ABOUT THIS EXERCISE: The task calls for the lines below from the line with "用Balue的话说,这是一个" to the line with "Ten naszyjnik to", both ends included, copied exactly, without any pictures.

EXERCISE MATERIAL:
————————
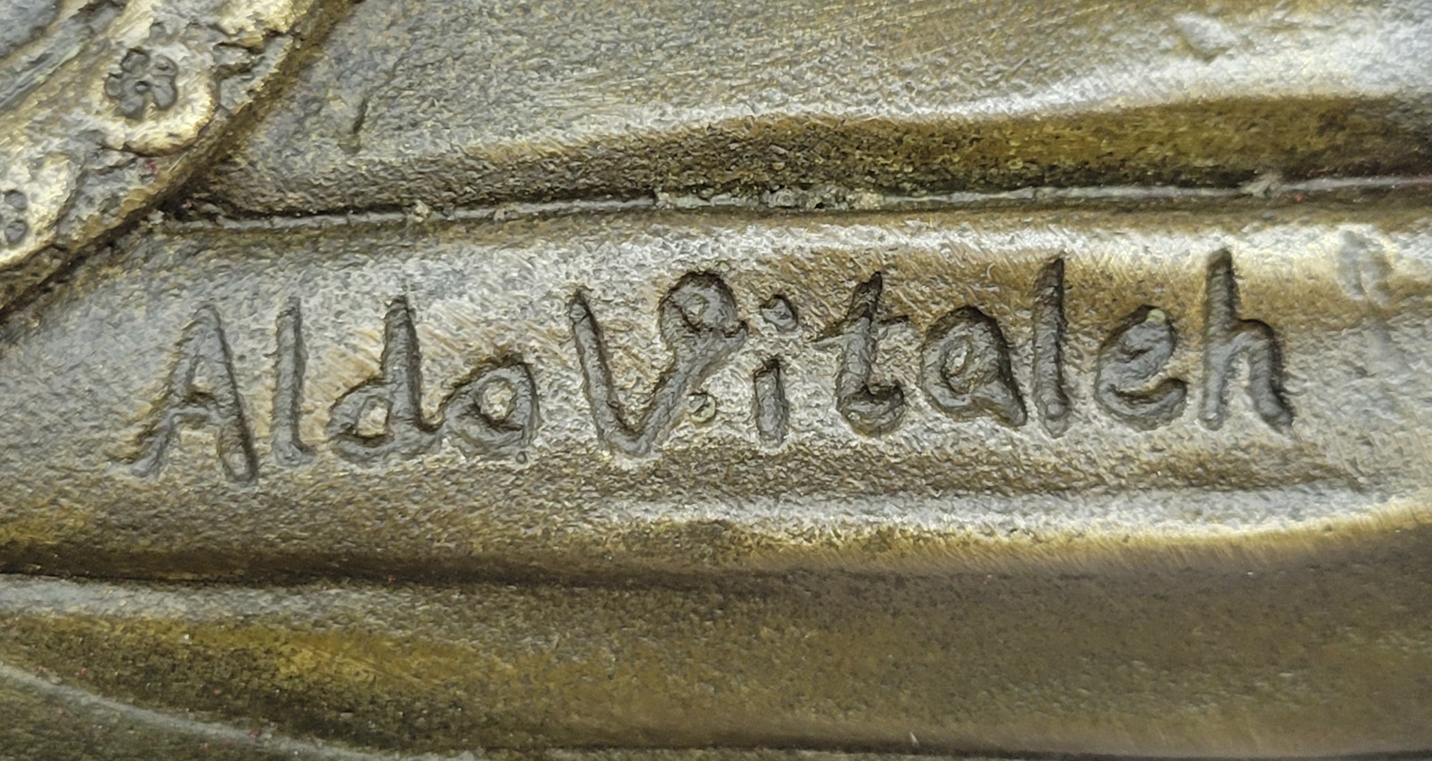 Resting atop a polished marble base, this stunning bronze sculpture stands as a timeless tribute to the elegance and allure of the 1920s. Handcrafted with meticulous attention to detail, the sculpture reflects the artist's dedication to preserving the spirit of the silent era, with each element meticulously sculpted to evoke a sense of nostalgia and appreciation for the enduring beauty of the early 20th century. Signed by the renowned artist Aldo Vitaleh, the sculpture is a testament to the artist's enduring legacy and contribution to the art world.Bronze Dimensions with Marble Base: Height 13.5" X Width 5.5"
————————
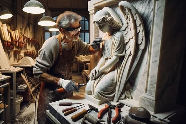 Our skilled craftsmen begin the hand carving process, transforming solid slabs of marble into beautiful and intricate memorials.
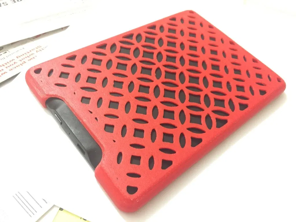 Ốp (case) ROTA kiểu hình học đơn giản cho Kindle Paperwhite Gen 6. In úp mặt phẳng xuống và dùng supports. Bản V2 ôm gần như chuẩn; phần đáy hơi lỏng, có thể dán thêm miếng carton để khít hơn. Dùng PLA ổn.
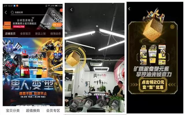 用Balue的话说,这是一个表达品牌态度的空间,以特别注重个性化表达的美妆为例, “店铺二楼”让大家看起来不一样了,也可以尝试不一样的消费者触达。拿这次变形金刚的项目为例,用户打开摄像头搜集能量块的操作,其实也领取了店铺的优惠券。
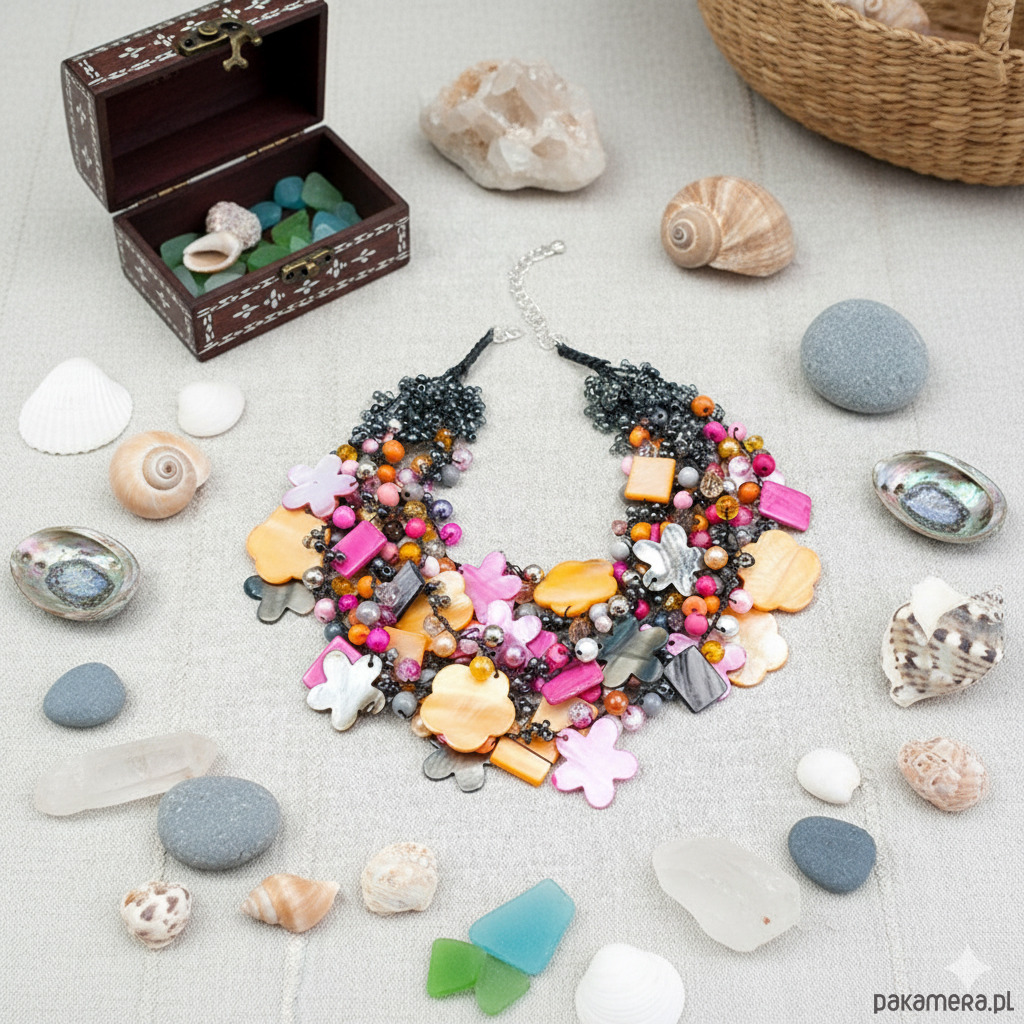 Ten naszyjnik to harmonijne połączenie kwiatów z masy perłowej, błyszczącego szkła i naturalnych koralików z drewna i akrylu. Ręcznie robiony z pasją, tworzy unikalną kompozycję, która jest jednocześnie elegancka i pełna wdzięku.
————————
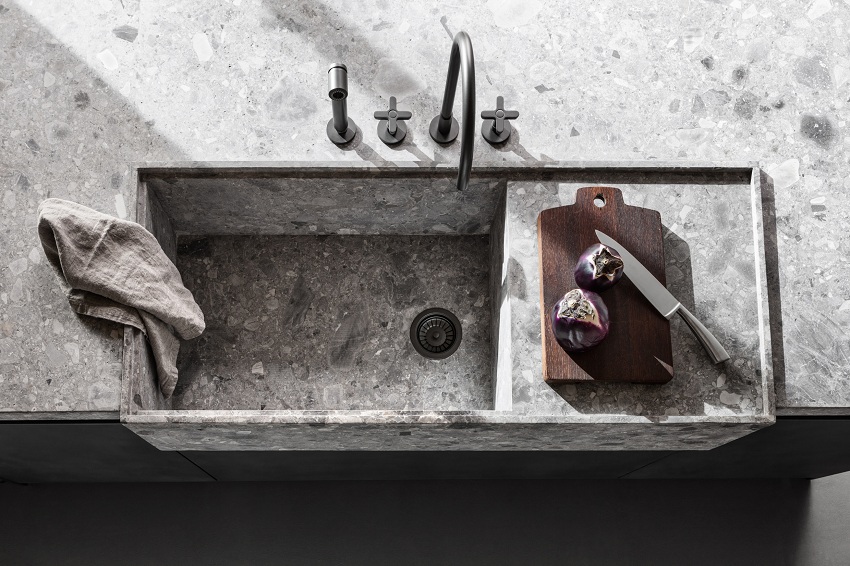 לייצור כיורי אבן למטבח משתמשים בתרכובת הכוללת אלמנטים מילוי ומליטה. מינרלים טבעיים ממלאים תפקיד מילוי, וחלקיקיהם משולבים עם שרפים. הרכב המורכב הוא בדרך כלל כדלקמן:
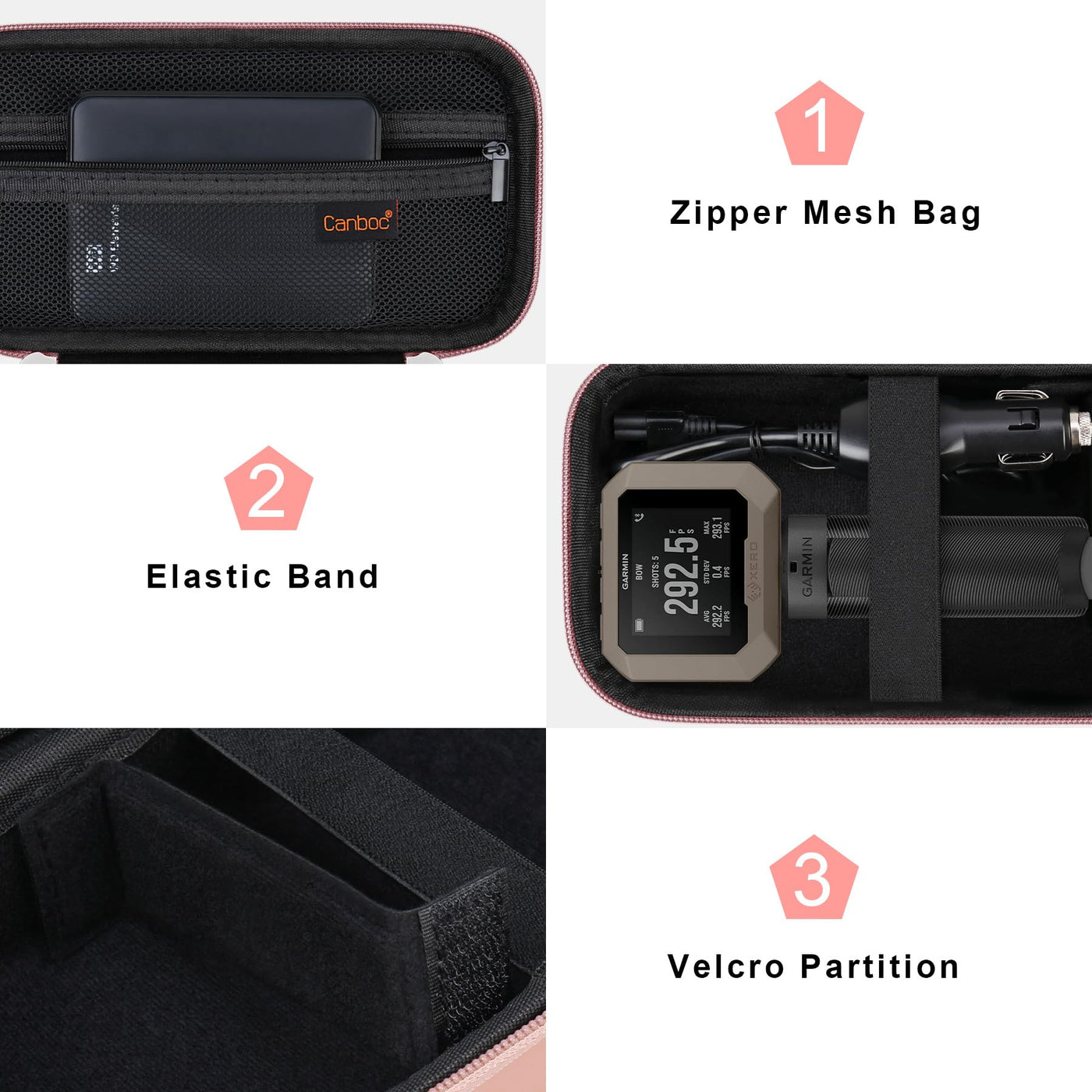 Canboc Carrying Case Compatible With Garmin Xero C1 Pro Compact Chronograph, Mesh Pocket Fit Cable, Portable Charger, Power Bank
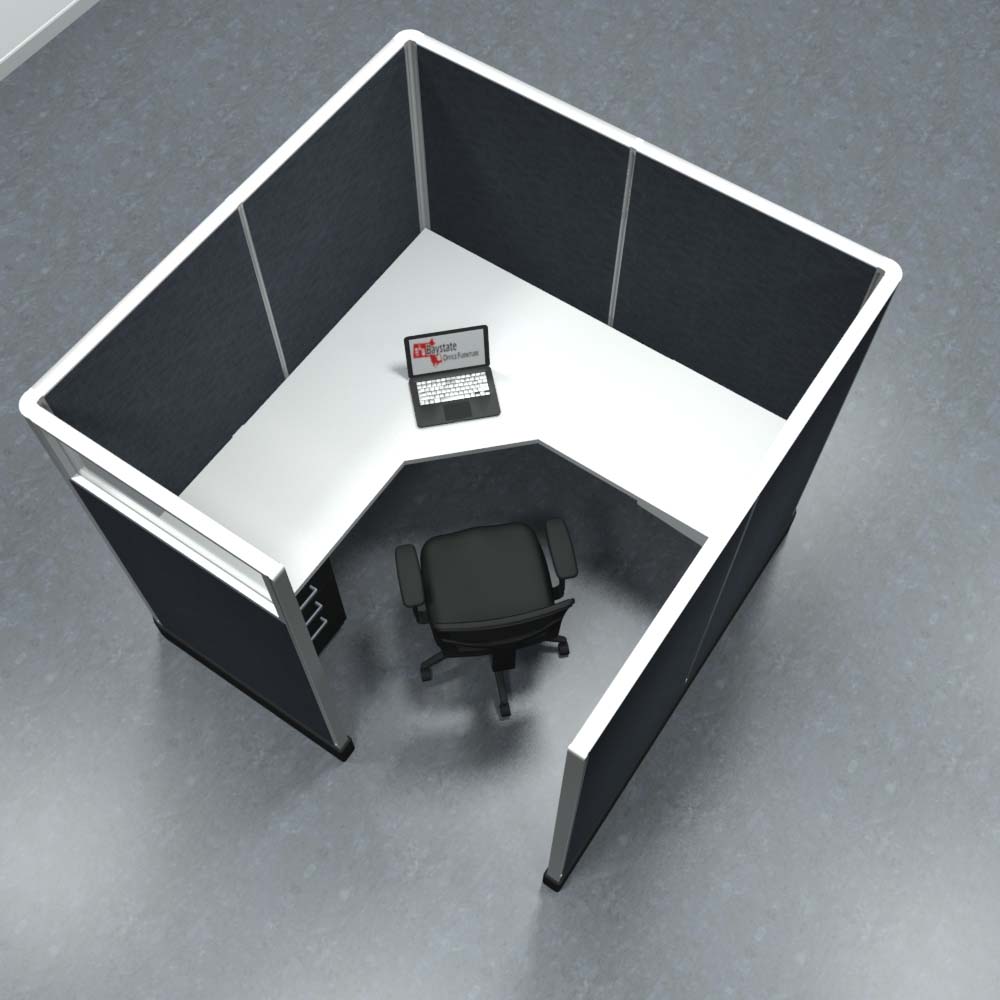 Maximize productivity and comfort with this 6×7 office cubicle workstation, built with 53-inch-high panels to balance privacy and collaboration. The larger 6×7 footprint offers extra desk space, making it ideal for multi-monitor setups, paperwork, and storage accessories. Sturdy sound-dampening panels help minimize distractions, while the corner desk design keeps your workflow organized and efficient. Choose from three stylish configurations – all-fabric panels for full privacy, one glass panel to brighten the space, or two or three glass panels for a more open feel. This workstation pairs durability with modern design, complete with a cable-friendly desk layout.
————————
ANSWER BELOW:
 用Balue的话说,这是一个表达品牌态度的空间,以特别注重个性化表达的美妆为例, “店铺二楼”让大家看起来不一样了,也可以尝试不一样的消费者触达。拿这次变形金刚的项目为例,用户打开摄像头搜集能量块的操作,其实也领取了店铺的优惠券。
 Ten naszyjnik to harmonijne połączenie kwiatów z masy perłowej, błyszczącego szkła i naturalnych koralików z drewna i akrylu. Ręcznie robiony z pasją, tworzy unikalną kompozycję, która jest jednocześnie elegancka i pełna wdzięku.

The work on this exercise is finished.